If you need to continue fine-tuning on a fine-tuning model, just change the -m parameter of fine_tunes.create to the fine-tuned model name. For example, for the above case, use:

!openai api fine_tunes.create \
    -t "./dataset/csl_summarize_finetune_prepared.jsonl" \
    -m ada:ft-personal-2023-04-15-13-29-50\
    --no_check_if_files_exist
Uploaded file from ./dataset/csl_summarize_finetune_prepared.jsonl: file-adsjU97Wo9bPNmdAa1LTMkQC
Created fine-tune: ft-d6qvvl7cr6WYvkSOBu7YVO2p
Streaming events until fine-tuning is complete...

(Ctrl-C will interrupt the stream, but not cancel the fine-tune)
[2023-05-07 15:44:48] Created fine-tune: ft-d6qvvl7cr6WYvkSOBu7YVO2p
[2023-05-07 15:45:03] Fine-tune costs $0.43
[2023-05-07 15:45:03] Fine-tune enqueued.
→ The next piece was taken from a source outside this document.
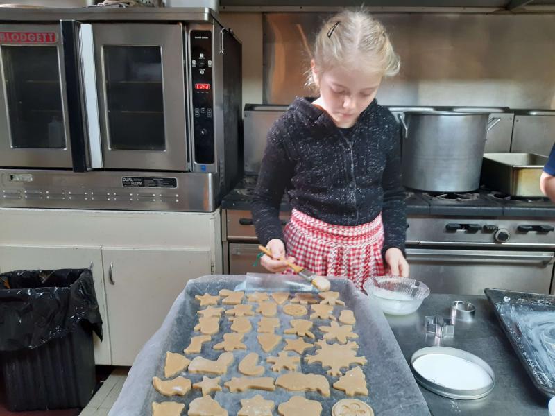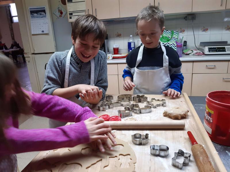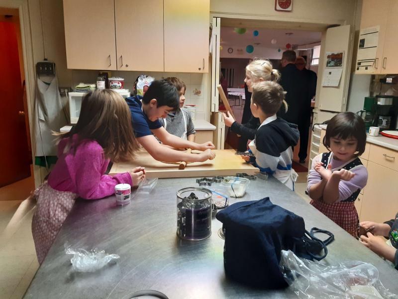 A program második felében következett a várva várt mézeskalácssütés. Már a Csillagösvény Református Egyesület elnöke, Nagy Enikő jóvoltából előre elkészített tészta nyújtása is nagy élmény volt: szorgosan perdültek-fordultak a nyújtófák a nagyobb gyerekek keze alatt, a kisebbek pedig csillogó szemmel figyeltek. Alig várták, hogy a felnőttek megállapítsák: jöhet a szaggatás. Nem volt könnyű a különböző formák kiválasztása, hiszen olykor már zavarba ejtő volt a figurák széles választéka. Természetesen mindenki igyekezett minél jobban színesíteni a gyűjteményt. A sütés szinte végtelennek tűnő percei könnyebben teltek a dekoráció előkészítésével: minden egyes darab egyedi tervezés és gondos odafigyelés eredménye lett. A felnőttek háttérsegítsége a csodálatos végeredmény megörökítésében és kóstolásában is megnyilvánult. A jó hangulatban elkészült mutatós és finom díszekhez már csak az illatos fenyőfát kell – a lehető legnagyobb titokban – beszerezni.

Queue number: 0
[2023-05-07 15:45:05] Fine-tune started

Stream interrupted (client disconnected).
To resume the stream, run:

  openai api fine_tunes.follow -i ft-d6qvvl7cr6WYvkSOBu7YVO2p




Upload progress:   0%|          | 0.00/380k [00:00<?, ?it/s]
Upload progress: 100%|██████████| 380k/380k [00:00<?, ?it/s]

3 Text Correction Task

3.1 What is text error correction?

  In daily life, whether it is WeChat chats, Weibo tweets or even published books, we will more or less find typos in the text.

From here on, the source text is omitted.